そこで、二度目の「シン・ゴジラ」を友人と観た。
もちろん友人は初めてで、出張の夜、浮いた時間を映画に費やすのも悪くないだろうと誘ったのだ。
二回目のそれは、映画への想いが、ゴジラのごとく急速に冷却された故、冷静に客観的に見ることができた。細々とした理解が払拭され、日本映画としての、どうしようもない脆弱な環境からくる、歯痒さを所々発見してしまったけれど、後半からの畳み掛けるような進展に、映画としての素晴らし他と、興奮のありかを、しっかりと再認識した。
これは、映画という表現方法が、場所と人を選ぶという、生きた環境に根深い依存性を持つ宿命故、日本でしか評価されない映画には違いないが、これを存分に楽しめる日本という環境に生まれ育ったことを、素直に喜び興奮したほうがいいと、諦めた。
友人はさほど興奮の色合いは薄かった。人それぞれだから致し方ない。かえってこの映画が万民向けでないと考えている僕としては、正当な表現であり、意外に人を選ぶ作品ではないかと思っている。
これだけ、好意的に、それも、表現者として自ら創作している人や、卓越した審美感のある人が、こぞって称賛しているのが、不思議だ。さほど多くはない、必要としている観客が、無類の賛美を持って、誉めたたえる趣向の表現をしている作品の部類ではないかと思っている。

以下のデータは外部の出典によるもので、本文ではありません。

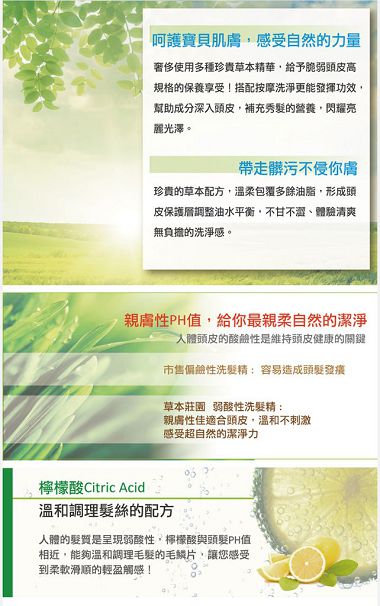 成分中有植萃精華複方調理, 親膚性PH值,溫和不刺激, 無添加矽靈、色素、螢光劑、Parabens。

素晴らしい作品だけど、アニメのように、特殊な空間のみで強烈に愛玩されるフェチな表現をしている気がする。よくもわるくも庵野氏の作品だ。
どれだけ素晴らしかろうが、深夜帯で放映されているアニメを、両手を挙げて称賛することは非常に少ない。ましてや、権威に足を突っ込んだ、成人がそれを表立って歓喜するのはいまだかつてなかった。か、非常に少ない。ただ、宮崎アニメは別としてだが。
もしかしたら、本当は彼らも、庵野氏やその他アニメを表現媒体として選んだ創作者と、それらが作り出したアニメを、心のどこかでは称賛し、認めているのかもしれない。ただ、世間体や、他者の視線が、彼らの鋭敏な感覚が受け止めて、制御していたのかもしれない。紳士的対応として。
それが、実写としての映画としての、表現ならば、演出としてならば、気にせず、臆せず称賛の拍手を惜しみなく送ることができるのだから。願ったり叶ったりとなった。
全ては、妄想だから、そんなことはきっと微塵も彼らは認識していないのだろうけど。
とにかく、福島の静かな街で、久しぶりに映画館らしい映画館に入り、作品を楽しめたのはなんたる幸福だろう。それを、今は噛み締めている。